:: TASK PROMPT ::
Exact reproduction of the listing is required. Pictures are not reproduced.

:: DATA PROVIDED ::
[Start of section]

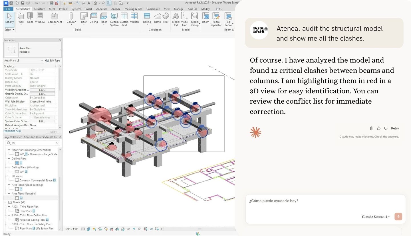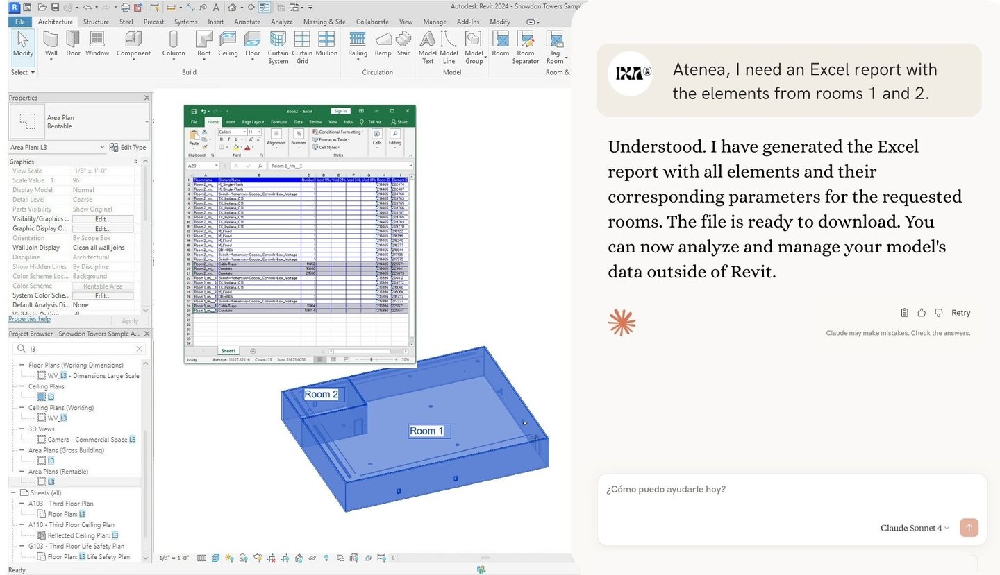Atenea is a chat and AI agent for Revit. Automate workflows in Revit, just by typing them.
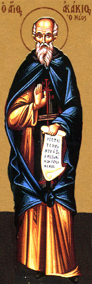 Saint Acacius the New was a monk at the Holy Trinity monastery of Saint Dionysius of Olympus (January 24) at Zagora. After visiting several monasteries on Mount Athos, the saint on the advice of his father-confessor, Father Galacteon, settled in the skete monastery of Saint Maximus the Hut-Burner (“Kavsokalyvites”, January 13), who repeatedly appeared to the ascetic.
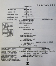 ARMA: inquartato: nel primo e quarto grembiato di otto pezzi di rosso e d’argento, con lo scudetto in cuore di azzurro caricato di una torre d’argento aperta, finestrata e murata di nero (Aliprandi); nel secondo e terzo troncato d’oro e d’argento alla fascia contro doppio merlata di tre pezzi d’azzurro sulla partizione (Cartolari)

[End of section]

:: RESPONSE AREA ::
Atenea is a chat and AI agent for Revit. Automate workflows in Revit, just by typing them.
 Saint Acacius the New was a monk at the Holy Trinity monastery of Saint Dionysius of Olympus (January 24) at Zagora. After visiting several monasteries on Mount Athos, the saint on the advice of his father-confessor, Father Galacteon, settled in the skete monastery of Saint Maximus the Hut-Burner (“Kavsokalyvites”, January 13), who repeatedly appeared to the ascetic.
 ARMA: inquartato: nel primo e quarto grembiato di otto pezzi di rosso e d’argento, con lo scudetto in cuore di azzurro caricato di una torre d’argento aperta, finestrata e murata di nero (Aliprandi); nel secondo e terzo troncato d’oro e d’argento alla fascia contro doppio merlata di tre pezzi d’azzurro sulla partizione (Cartolari)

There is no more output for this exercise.